Extracts text layers from native PDFs
Fast and accurate for digitally created invoices
Preserves structure and layout hints
Best for: ERP-generated invoices, e-invoices, programmatically created PDFs

Example configuration:

// Source: app/api/ocr-structured-v4/route.ts:269-275
if (isPdf) {
  const engine = process.env.OPENROUTER_PDF_ENGINE || "pdf-text";
  const plugins: unknown = body.plugins || [
    {
      id: "file-parser",
      pdf: { engine },
    },
  ];
  (payload as Record<string, unknown>).plugins = plugins as unknown;
}

mistral-ocr

OPENROUTER_PDF_ENGINE=mistral-ocr

Characteristics:

Uses Mistral AI’s OCR capabilities
Handles scanned documents and images embedded in PDFs
Better for handwritten or low-quality scans
Best for: Scanned invoices, photos of paper documents

If your PDFs are scanned images or photos rather than native digital documents, switch to mistral-ocr for better accuracy.

native

OPENROUTER_PDF_ENGINE=native

Characteristics:

Uses the model’s built-in PDF understanding
No preprocessing or text extraction
Relies entirely on model’s multimodal capabilities
Best for: Testing, comparing approaches, or when other engines fail

Plugin Configuration

You can override the PDF engine on a per-request basis:

// Custom plugin configuration
const response = await fetch("/api/ocr-structured-v4", {
  method: "POST",
  headers: { "Content-Type": "application/json" },
  body: JSON.stringify({
    pdfBase64: pdfDataUrl,
    filename: "invoice.pdf",
    model: "google/gemini-2.5-flash",
    plugins: [
      {
        id: "file-parser",
        pdf: { engine: "mistral-ocr" }
      }
    ]
  })
});

Custom plugins in the request body take precedence over the OPENROUTER_PDF_ENGINE environment variable.

Multi-Page Processing

The system processes all pages in a PDF automatically:

// System prompt excerpt from: app/api/ocr-structured-v4/route.ts:145
"If a PDF is provided, consider ALL pages.
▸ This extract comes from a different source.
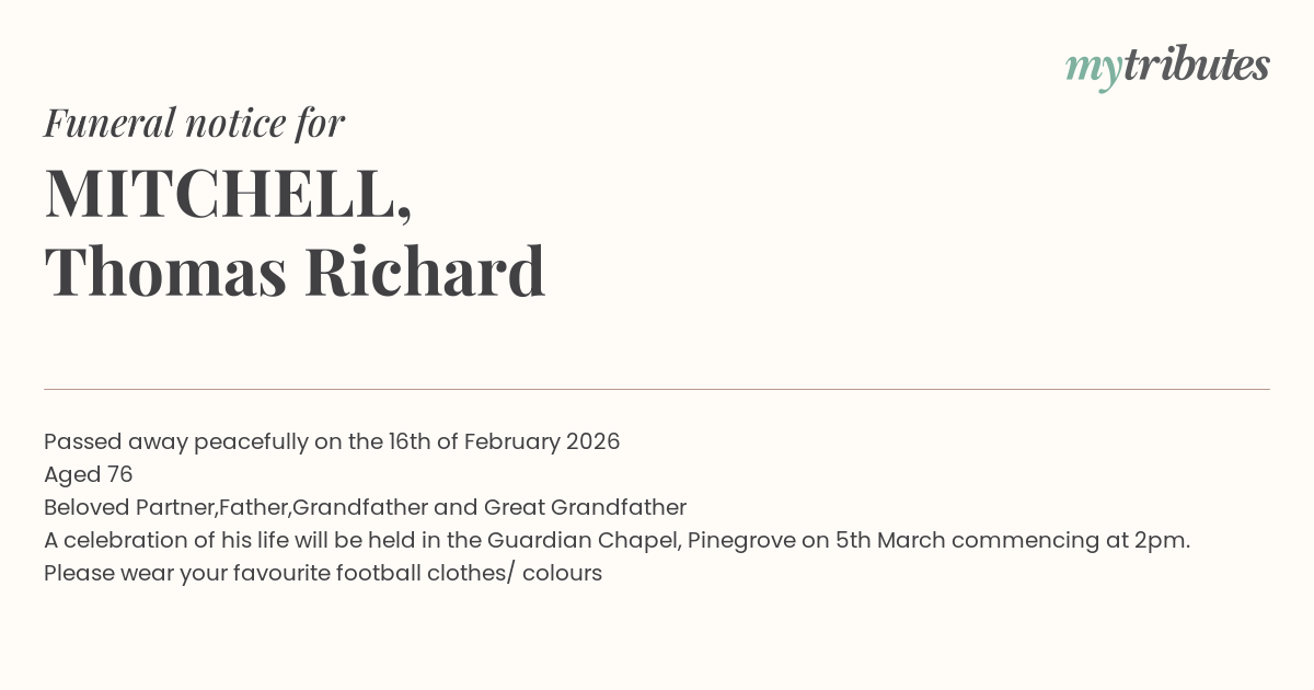 A celebration of his life will be held in the Guardian Chapel, Pinegrove on 5th March commencing at 2pm.

Prefer HSN tables and tax summaries found on any page as anchors."

Key behaviors:

Full document analysis

The AI analyzes every page of the PDF, not just the first page.

Cross-page reconciliation

Data from summary pages (totals, HSN tables) is used to verify line items from earlier pages.

Duplicate detection

The system treats duplicate copies (Original/Duplicate/Transporter) as a single invoice.

// From system prompt
"Treat duplicate copies (Original/Duplicate/Transporter) as one invoice."

OpenRouter Annotations

To avoid re-parsing PDFs on subsequent requests, use annotations:

// First request - parse the PDF
const firstResponse = await fetch("/api/ocr-structured-v4", {
  method: "POST",
  body: JSON.stringify({
    pdfBase64: pdfDataUrl,
    filename: "invoice.pdf"
  })
});

const firstData = await firstResponse.json();
const annotations = firstData._annotations; // OpenRouter metadata

// Second request - reuse parsed content
const secondResponse = await fetch("/api/ocr-structured-v4", {
  method: "POST",
  body: JSON.stringify({
    pdfBase64: pdfDataUrl,
    filename: "invoice.pdf",
    annotations: annotations // Skip re-parsing
  })
});

How it works:

// Source: app/api/ocr-structured-v4/route.ts:256-265
if (body.annotations) {
  const msgs = payload.messages as Array<Record<string, unknown>>;
  msgs.push({
    role: "assistant",
    content: "Previous file parse metadata",
    annotations: body.annotations as unknown,
  });
}

Using annotations can significantly reduce processing costs for PDFs, especially large multi-page documents. The AI reuses the parsed text without re-processing the binary file.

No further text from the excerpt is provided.